5 Ways To Identify The Right Recruiter For Your Business

Posted on: 15 May 2018

When you decide to work with a recruitment agency, it’s usually with the hope that they have knowledge and connections to help you attract the best candidates to your company. However, with so many recruiters out there, it can be difficult to know which firm will be the best fit and provide the best service.

We know that our relationships with the businesses we recruit for, as well as with candidates, are what enable us to do a good job. Sadly, not all recruiters feel the same way and as a result don’t provide the best service to their clients. To help you find a recruiter who understands your business’ needs and culture, Adam’s tech consultant Sam Smith has put together a list of some of the top attributes you should look for to work out whether a recruiter is the best fit for your business.

Only passing on relevant CVs

To make sure that every candidate I send you is relevant I need to meet you and discuss your needs, not only for a specific role but also in terms of your company’s culture.

I believe that quality control is an important part of my job. I only send my clients CVs that fit with their criteria or with what I know they typically look for in an employee. I also make sure that any candidate I submit hasn’t already been put forward for the role via a different agency.

Some recruiters take a far less targeted approach, though. They will send CVs to every company they work for without any kind of checks or filters.
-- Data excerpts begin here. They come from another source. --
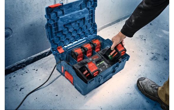 - Χάρη σε ένα ρεύμα φόρτισης 16 A ανά υποδοχή, μπορείς να φορτίσεις πλήρως δύο μπαταρίες EXBA18V-80 σε 39 λεπτά.
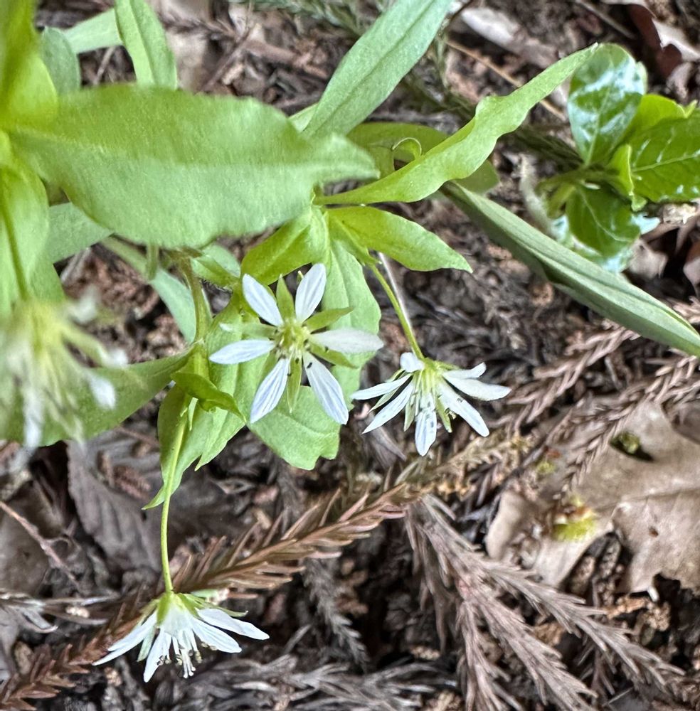 ワチガイソウが葉腋から花柄を出すのに対し、茎頂に花をつけます。葉が線形だとヒナワチガイソウですね。
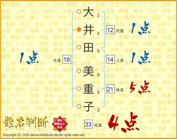 大(3画)井(4画)田(5画) 美(9画)重(9画)子(3画)
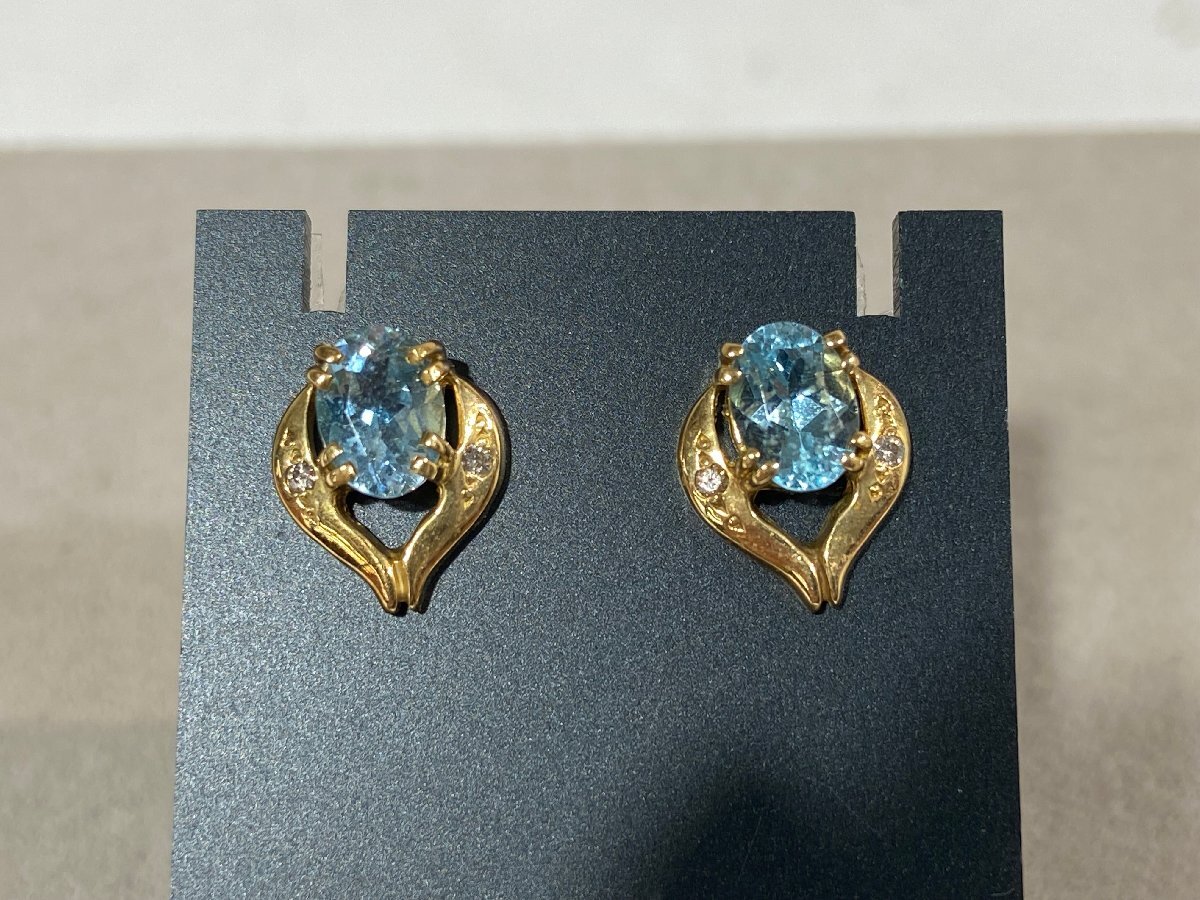 - 【ピアス】♪ ジュエリーマキ K18 18金 イエローゴールド ブルートパーズ様石1pcs メレダイヤ0.02ct×2 約3.1g SY02-147◎
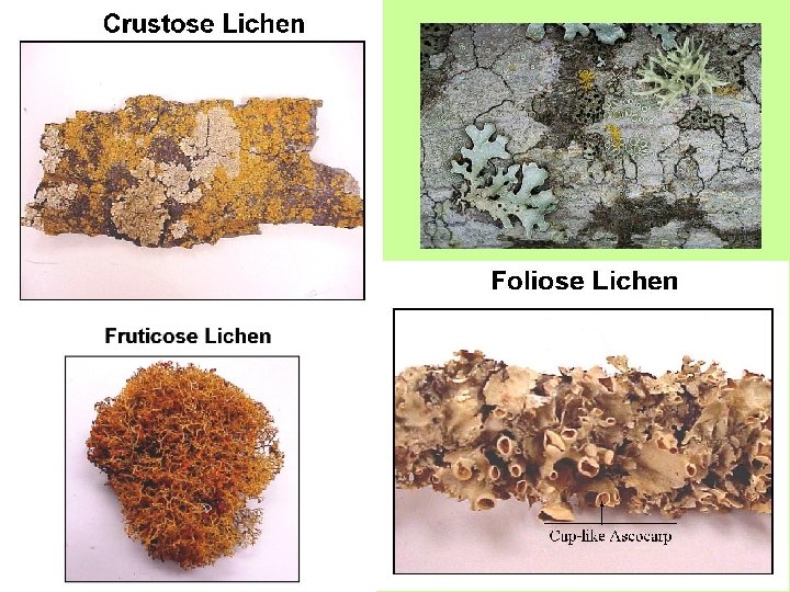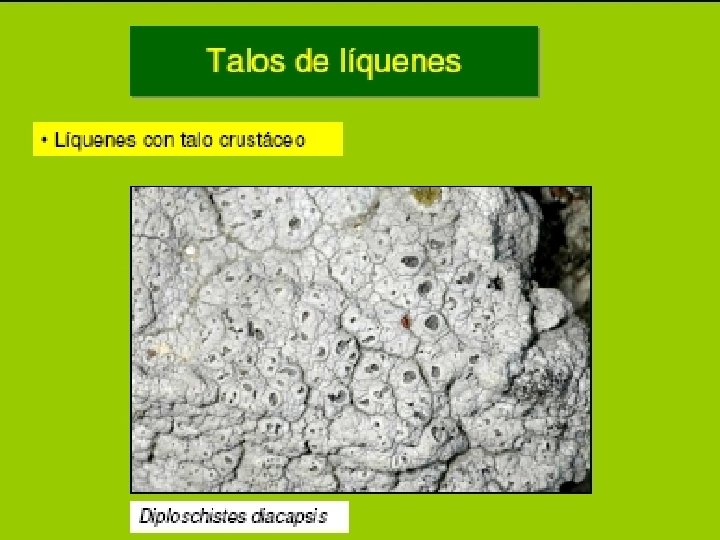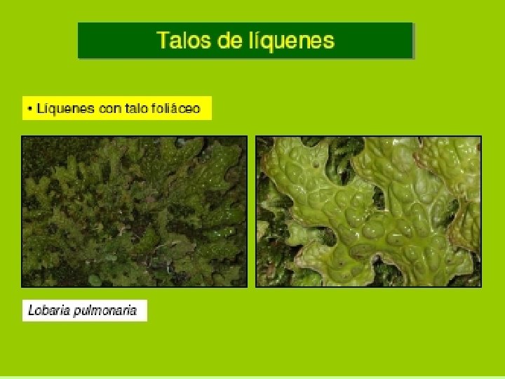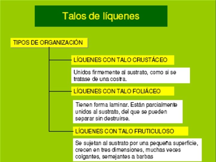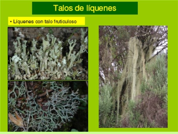 Líquenes: • Asociación simbiótica entre hongos (ascomicetos o basidiomicetos) y un alga cianofícea. • El alga provee alimento. • El hongo protege al alga de la desecación. • Sobreviven en ambientes extremos (rocas) y colonizan áreas nuevas. • No toleran contaminación, por lo que se utilizan como bioindicadores de contaminación.

All this does is waste everyone’s time. If you find a recruiter is consistently sending you unsuitable candidates, talk to them to ensure they understand what you’re looking for. If it continues, consider ending the relationship in favour of an agent who listens to and respects your needs.

Respecting boundaries

I would never approach someone working for one of my clients to offer them a job with a rival business. If they haven’t contacted me directly for help with finding a new role, this isn’t my place. Some recruiters do poach candidates though, which can cause irreparable damage to their relationship with that client.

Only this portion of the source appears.